DATA TO PROCESS —
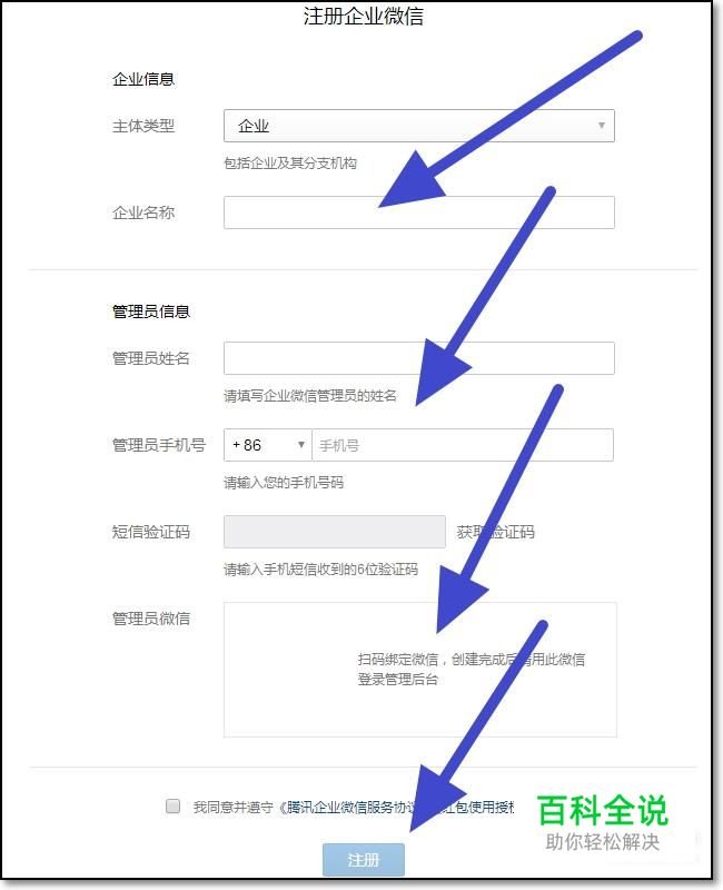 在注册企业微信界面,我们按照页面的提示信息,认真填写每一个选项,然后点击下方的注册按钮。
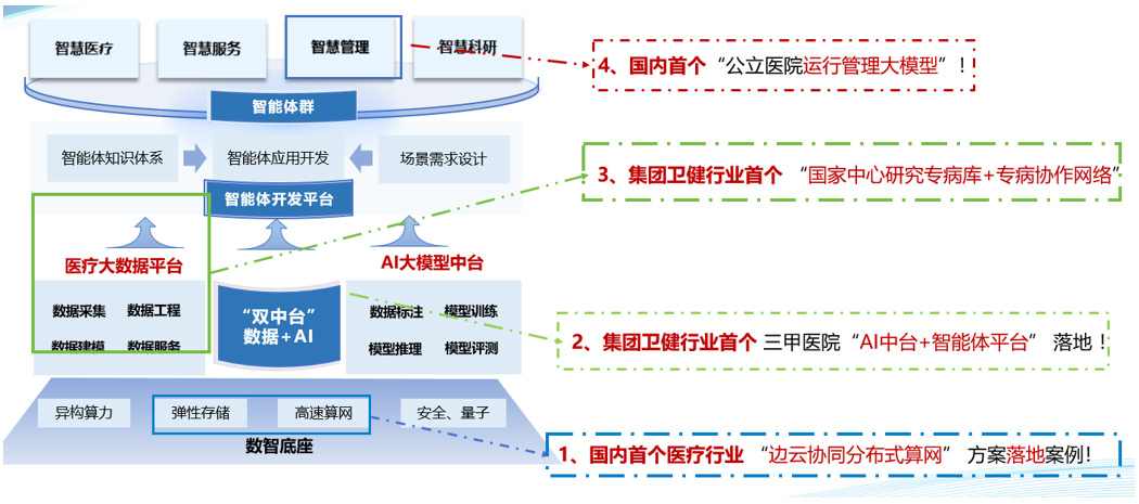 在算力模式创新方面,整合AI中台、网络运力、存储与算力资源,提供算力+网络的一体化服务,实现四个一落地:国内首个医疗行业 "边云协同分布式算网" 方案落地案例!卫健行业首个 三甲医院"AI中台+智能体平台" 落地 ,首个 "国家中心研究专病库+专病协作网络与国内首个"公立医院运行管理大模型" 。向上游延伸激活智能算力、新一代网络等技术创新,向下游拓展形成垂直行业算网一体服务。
==
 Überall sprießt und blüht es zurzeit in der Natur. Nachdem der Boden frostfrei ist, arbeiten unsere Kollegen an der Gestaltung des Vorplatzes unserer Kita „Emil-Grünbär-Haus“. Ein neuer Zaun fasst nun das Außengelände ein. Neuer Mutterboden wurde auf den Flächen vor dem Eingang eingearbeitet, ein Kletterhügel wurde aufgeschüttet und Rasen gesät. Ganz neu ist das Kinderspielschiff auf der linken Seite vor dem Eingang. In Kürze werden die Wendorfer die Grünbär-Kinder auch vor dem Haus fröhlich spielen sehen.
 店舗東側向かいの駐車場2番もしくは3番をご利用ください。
==
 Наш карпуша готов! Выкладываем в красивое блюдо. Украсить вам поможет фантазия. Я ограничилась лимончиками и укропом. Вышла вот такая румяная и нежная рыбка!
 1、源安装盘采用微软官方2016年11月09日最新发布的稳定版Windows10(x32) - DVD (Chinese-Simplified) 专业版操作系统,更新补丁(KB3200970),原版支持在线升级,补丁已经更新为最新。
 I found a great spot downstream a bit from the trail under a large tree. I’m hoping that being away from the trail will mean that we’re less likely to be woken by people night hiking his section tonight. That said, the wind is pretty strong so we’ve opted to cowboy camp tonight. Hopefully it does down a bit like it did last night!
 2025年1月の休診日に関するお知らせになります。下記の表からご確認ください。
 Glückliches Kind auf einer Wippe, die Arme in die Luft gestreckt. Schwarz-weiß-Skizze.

TASK GOAL — Restate word for word the lines in the material above from the one with "Наш карпуша готов!" to the one with "1、源安装盘采用微软官方2016年11月09日最新发布的稳定版Windows10(x32) - DVD"; both of those lines count, and nothing else does.

SOLUTION FOR THIS EXERCISE —
 Наш карпуша готов! Выкладываем в красивое блюдо. Украсить вам поможет фантазия. Я ограничилась лимончиками и укропом. Вышла вот такая румяная и нежная рыбка!
 1、源安装盘采用微软官方2016年11月09日最新发布的稳定版Windows10(x32) - DVD (Chinese-Simplified) 专业版操作系统,更新补丁(KB3200970),原版支持在线升级,补丁已经更新为最新。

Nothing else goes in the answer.